▶ [Problem to solve] Beginning at the line that contains "4) Переименуйте пространство", reproduce the entries below exactly, ending with the line that contains "Customers find the". Omit each picture.
Data to process Start Marker
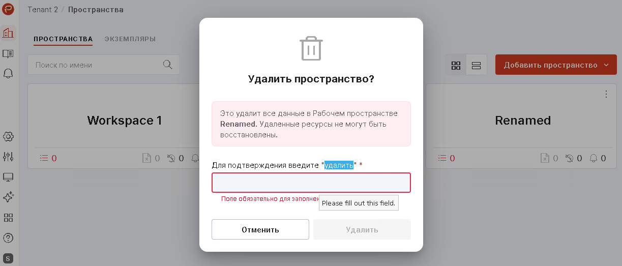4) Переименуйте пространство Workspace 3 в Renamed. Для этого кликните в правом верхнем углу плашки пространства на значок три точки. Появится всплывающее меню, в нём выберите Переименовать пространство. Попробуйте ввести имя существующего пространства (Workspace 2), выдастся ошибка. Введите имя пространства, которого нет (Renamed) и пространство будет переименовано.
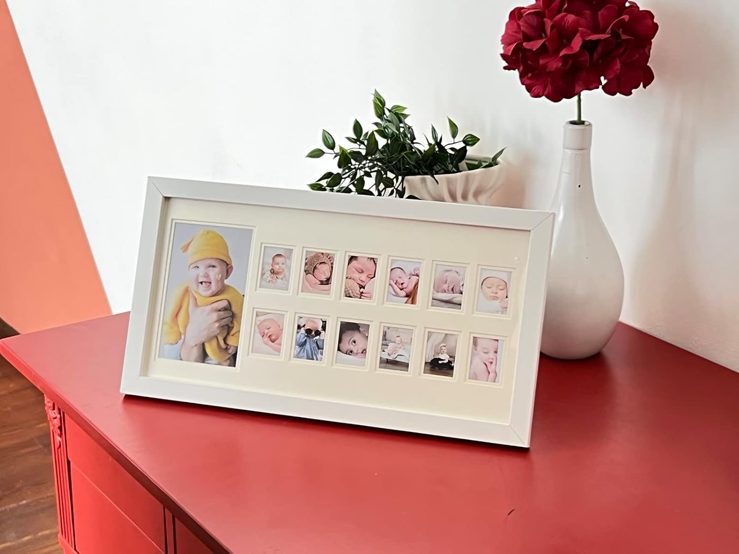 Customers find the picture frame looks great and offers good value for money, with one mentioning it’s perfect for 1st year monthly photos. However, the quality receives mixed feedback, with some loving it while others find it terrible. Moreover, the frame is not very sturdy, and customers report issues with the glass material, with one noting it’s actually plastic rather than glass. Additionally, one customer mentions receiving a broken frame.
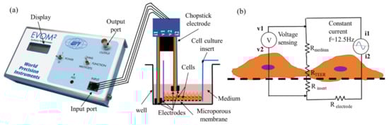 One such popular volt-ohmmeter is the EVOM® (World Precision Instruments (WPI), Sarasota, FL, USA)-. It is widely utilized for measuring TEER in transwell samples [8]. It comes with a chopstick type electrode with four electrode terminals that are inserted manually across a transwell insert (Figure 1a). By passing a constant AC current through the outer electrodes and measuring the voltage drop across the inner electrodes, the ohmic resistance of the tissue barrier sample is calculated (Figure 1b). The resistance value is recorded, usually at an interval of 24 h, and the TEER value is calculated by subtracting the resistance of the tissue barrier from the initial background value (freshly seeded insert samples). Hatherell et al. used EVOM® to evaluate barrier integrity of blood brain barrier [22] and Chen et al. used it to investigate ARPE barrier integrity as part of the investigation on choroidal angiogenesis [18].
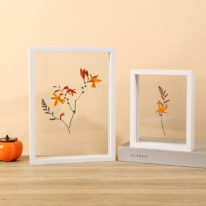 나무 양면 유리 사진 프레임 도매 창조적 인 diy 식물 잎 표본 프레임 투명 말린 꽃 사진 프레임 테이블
Data to process End Marker
Data to process Start Marker
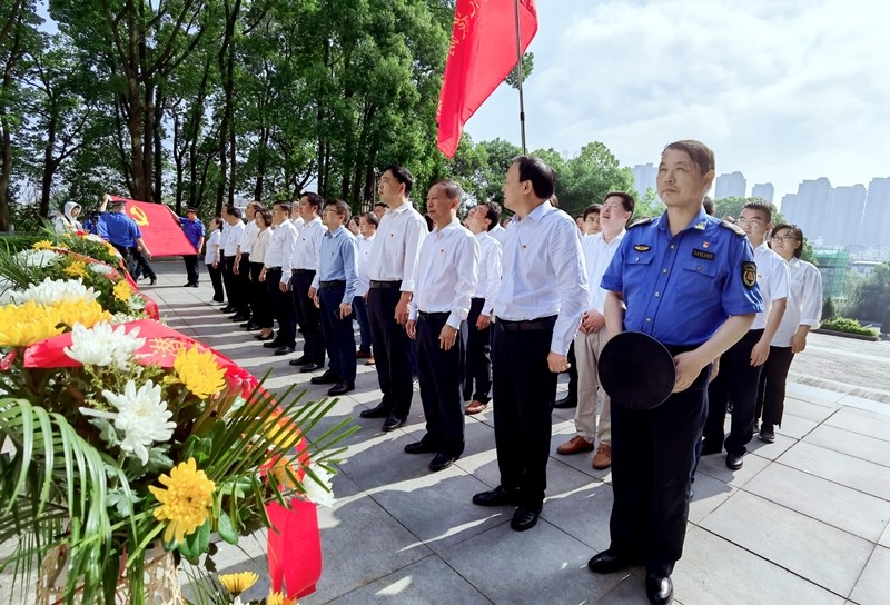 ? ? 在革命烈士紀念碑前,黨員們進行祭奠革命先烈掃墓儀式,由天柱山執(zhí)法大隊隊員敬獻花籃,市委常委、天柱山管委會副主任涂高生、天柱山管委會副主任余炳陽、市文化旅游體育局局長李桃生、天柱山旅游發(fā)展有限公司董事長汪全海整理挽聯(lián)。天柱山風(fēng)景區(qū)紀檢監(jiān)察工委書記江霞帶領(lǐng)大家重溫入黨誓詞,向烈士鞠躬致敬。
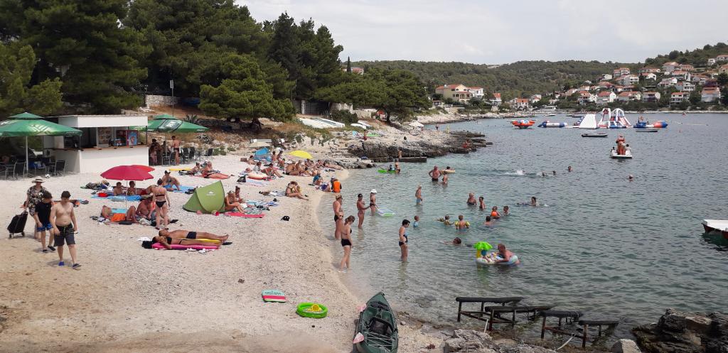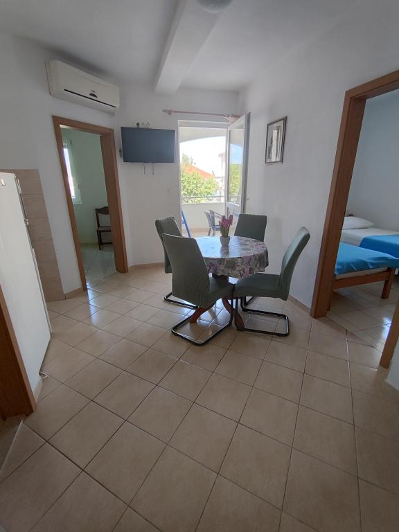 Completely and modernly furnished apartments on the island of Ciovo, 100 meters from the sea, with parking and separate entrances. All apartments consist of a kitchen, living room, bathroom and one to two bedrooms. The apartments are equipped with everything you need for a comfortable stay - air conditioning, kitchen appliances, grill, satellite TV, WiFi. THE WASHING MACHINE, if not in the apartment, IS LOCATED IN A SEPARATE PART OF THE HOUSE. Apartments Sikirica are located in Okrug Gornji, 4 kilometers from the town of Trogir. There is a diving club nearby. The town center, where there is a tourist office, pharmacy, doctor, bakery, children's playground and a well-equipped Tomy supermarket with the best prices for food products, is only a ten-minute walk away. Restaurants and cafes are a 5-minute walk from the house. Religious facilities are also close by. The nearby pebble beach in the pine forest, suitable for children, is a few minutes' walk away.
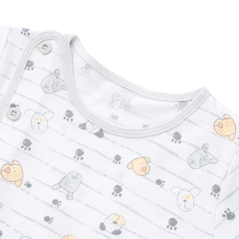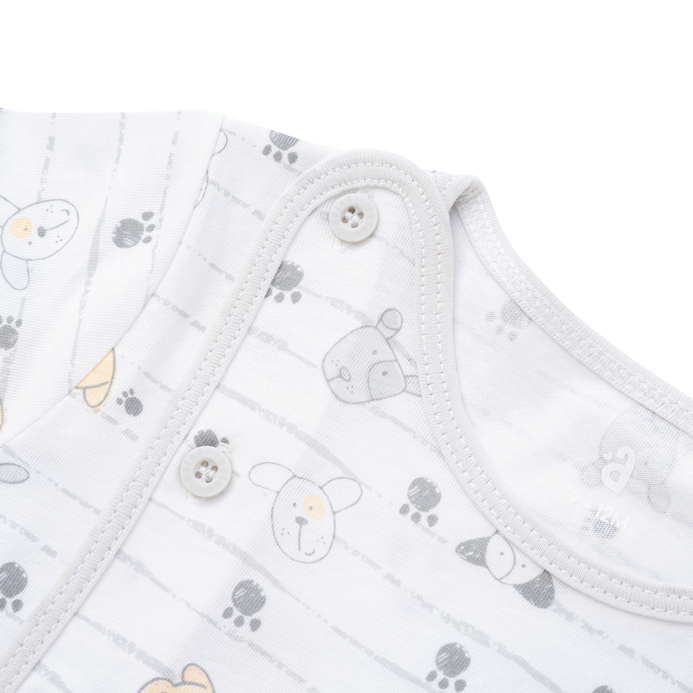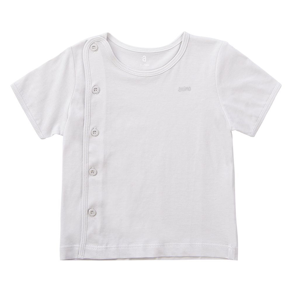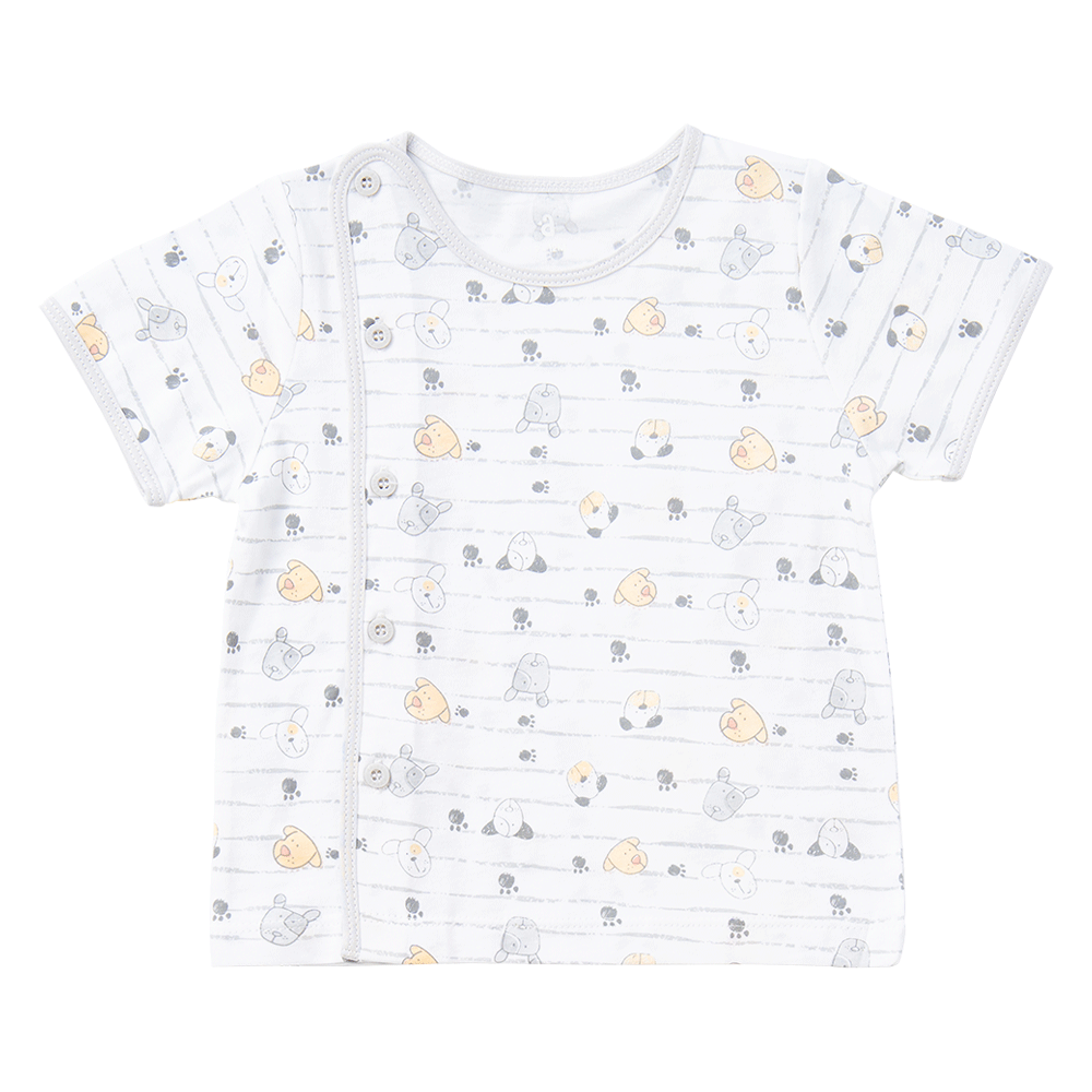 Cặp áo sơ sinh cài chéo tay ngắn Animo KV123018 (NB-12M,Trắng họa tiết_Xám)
Data to process End Marker
▶ [Answer space]
4) Переименуйте пространство Workspace 3 в Renamed. Для этого кликните в правом верхнем углу плашки пространства на значок три точки. Появится всплывающее меню, в нём выберите Переименовать пространство. Попробуйте ввести имя существующего пространства (Workspace 2), выдастся ошибка. Введите имя пространства, которого нет (Renamed) и пространство будет переименовано.
 Customers find the picture frame looks great and offers good value for money, with one mentioning it’s perfect for 1st year monthly photos. However, the quality receives mixed feedback, with some loving it while others find it terrible. Moreover, the frame is not very sturdy, and customers report issues with the glass material, with one noting it’s actually plastic rather than glass. Additionally, one customer mentions receiving a broken frame.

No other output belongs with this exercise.